Geometric and Symmetric Adaptations of Crown Ether upon Its Coordination to Alkali Metal Cations on the Surface

Crown ethers (CRs), known for their selective affinity toward alkali metal cations, play a crucial role in supramolecular chemistry. In this study, scanning tunneling microscopy and qPlus-atomic force microscopy are employed to visualize 18-crown-6 (18C6) complexes with various alkali metal cations (Li⁺, K⁺, and Cs⁺) on Cu(110) at a submolecular level. These visualizations are supplemented by theoretical calculations and simulations that reveal the geometric and symmetrical adaptations occurring upon the cation accommodations.

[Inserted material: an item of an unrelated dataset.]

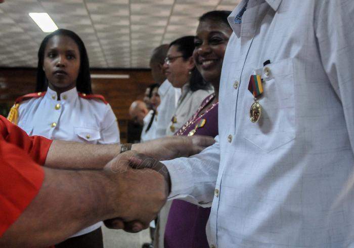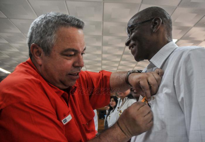 Un total de 17 trabajadores y líderes obreros fueron condecorados, indistintamente, con la Medalla Jesús Menéndez, el Sello 80 Aniversario de la Central de Trabajadores de Cuba (CTC) y el certificado por los diez y 15 años de ejercicio en la dirección sindical.

It is observed that upon its coordination to the K⁺ cation, the 18C6 molecule transforms its crown ring into a regular triangular feature in D_3d symmetry with a binding energy of 1.21 eV. In contrast, the 18C6 molecule maintains a similar triangular feature in C_3v symmetry upon its coordination to the Cs⁺ cation, but the formed complex loses its planar symmetry, and the Cs⁺ cation is about 110 pm vertically off the central oxygen plane of the 18C6 molecule, resulting in a reduced binding energy of 0.57 eV. However, the most striking change occurs upon its coordination to the Li⁺ cation; the 18C6 molecule depicts two configurations, an elongated triangle and a distorted one, in C₁ and C_s symmetry, with significantly lower binding energies of 0.08 and 0.31 eV, respectively. These symmetrical variations in the coordination complexes highlight the optimal compatibility of the 18C6 molecule with the K⁺ cation. Our experimental study provides a model case with atomic insights into the host–guest recognition mechanisms of the formed alkali cation–CR complexes.